Im Ersten präsentiert sich in Abraham nun ein ganz anderer Kämpfer, der hauptsächlich von seiner Schlagkraft lebt. Die K.o.-Chance jedenfalls ist wesentlich größer als bei Sturm. Interessant, worauf die TV-Zuschauer mehr anspringen. Das unmittelbare Fernduell kam nur zustande, weil Abraham zum ursprünglich geplanten Kampftermin 4. Oktober nicht fit war. Der Wahl-Berliner wollte in der Woche vorher mit einer Gewaltkur das Gewichtslimit von 72,574 Kilo erreichen und schwächte damit sein Immunsystem derart, dass er sich eine Virusinfektion einhandelte.
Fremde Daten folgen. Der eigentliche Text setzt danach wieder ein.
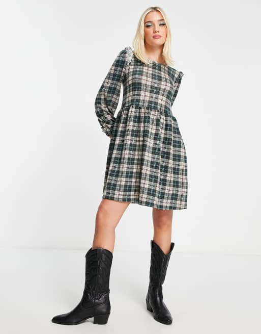 QED London – Grün kariertes, kurzes Hängerkleid

Krankheit nur vorgetäuscht?

"Arthur war gar nicht krank", glaubt allerdings Arturo Marquez. Der Vater und Trainer des Pflichtherausforderers vermutet vielmehr ein Kneifen des Weltmeisters: "Er hat Raul total unterschätzt. Bei der genaueren Video-Analyse hat er dann gesehen, wie stark Raul wirklich ist, und wollte nicht mehr in den Kampf gehen." Sein 37 Jahre alter Sohn, der sich das Herausfordererrecht überraschend im Juni gegen Giovanni Lorenzo erkämpfte, war dagegen gar nicht unglücklich über die Verschiebung: "So konnte meine Cutverletzung besser abheilen. Ich bin hart, ruppig und aggressiv und habe vor, der neue Weltmeister zu werden."

Klare Quoten

Nur 1,14 Euro für einen Euro Einsatz zahlen allerdings die Buchmacher für einen Sieg von Abraham, wer auf Marquez setzt, bekommt 5,50 Euro ausgezahlt. Die Favoritenrolle ist also klar verteilt. Für den gebürtigen Armenier ist der Amerikaner mit mexikanischen Wurzeln ohnehin nur eine Zwischenstation auf dem Weg zu größeren Zielen: "Ich will die Titel von IBF, WBA und WBC vereinen." WBC-Champ ist US-Star Kelly Pavlik, der auch ständig Gewichtsprobleme hat.